Heartbeat: Neonatal awarded Unicef Baby Friendly accreditation
September 29, 2021
Our organisation strives to deliver excellent quality of care for our patients, young and old, and the neonatal team have done just that by achieving the first stage of Baby Friendly accreditation. Following in the footsteps of maternity services who hold full accreditation, neonatal are at the start of their journey with plans to keep going.
Unicef Baby Friendly accreditation is a globally recognised quality improvement programme to provide parents with the best possible care to build close and loving relationships with their baby and to feed their baby in ways which will support optimum health and development. The accreditation is implemented in stages over a number of years. At each stage organisations are externally assessed by Unicef UK. When all the stages are passed they are accredited as Baby Friendly.
Baby Friendly accreditation is part of the NHS long term plan ensuring everyone gets the best start in life. The award can be achieved for neonatal, maternity, health visiting and children’s centre services and will soon be available for children’s wards too.
Stage one involves building a firm foundation. This stage was led by Carmen Nuttall, Infant Feeding Lead for NNU and Louise Thompson, Infant Feeding Coordinator with huge support from the neonatal nursing and medical team.
Louise explains how the team achieved this, she said: “We ensured our policies and guidelines support baby friendly standards and we developed a training programme to allow colleagues to implement the standards according to their role.
“We demonstrated how we have processes for implementing, auditing and evaluating the standards and also ensure that there is no promotion of breastmilk substitutes, bottles, teats or dummies in any part of the facility or by any colleagues.
The team also have plans to keep going and achieve accreditation for the next stage. Carmen added: “BFI accreditation is an ongoing process; we have two years from stage one accreditation to achieve the next stage. Stage two involves ensuring at least 80 per cent of colleagues have received training and department colleagues and managers will be interviewed to ensure they understand and meet the baby friendly standards to provide the best care.”

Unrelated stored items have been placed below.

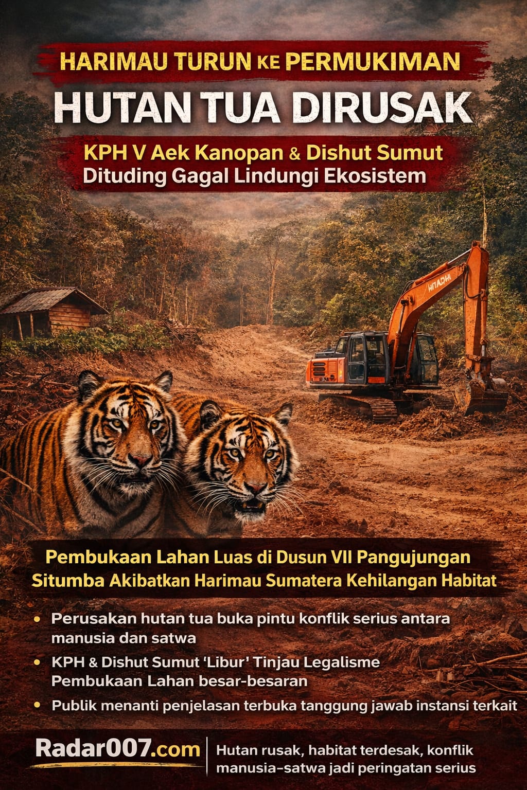 Radar007.com menilai, kemunculan Harimau Sumatera harus menjadi alarm keras bagi KPH V Aek Kanopan dan Dinas Kehutanan Provinsi Sumatera Utara. Negara tidak boleh hadir hanya setelah konflik dan ancaman keselamatan muncul, sementara akar persoalan dibiarkan berlarut.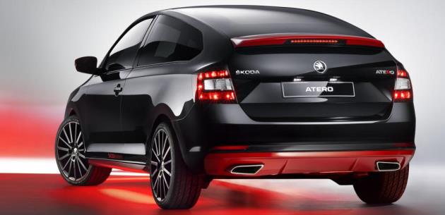 Kırmızı spoyler arka pencerede, logo ve LED aydınlatmaların üzerinde yer alıyor. Arka kısımda Atero konseptine Octavia vRS’den alınmış ikili egzoz boruları ve difüzör eklenmiş. Kaputun altında ise 125 hp 1.4 litre TSI benzinli motor ve yedi kademe DSG şanzıman yer alıyor.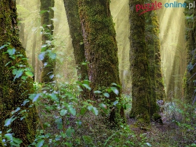 Puzzle Krzewy, Słońca, Las, Drzewa, Promienie

Dr Sivakumar, Neonatal Clinical Director, said: “I sincerely thank the hard work and the commitment of our neonatal colleagues and our infant feeding team which helped us to achieve stage one Baby Friendly accreditation. This is a reflection of how well the baby and family friendly principles are embedded in each and every member of our team. We look forward to our amazing journey towards further stages of BFI accreditation.”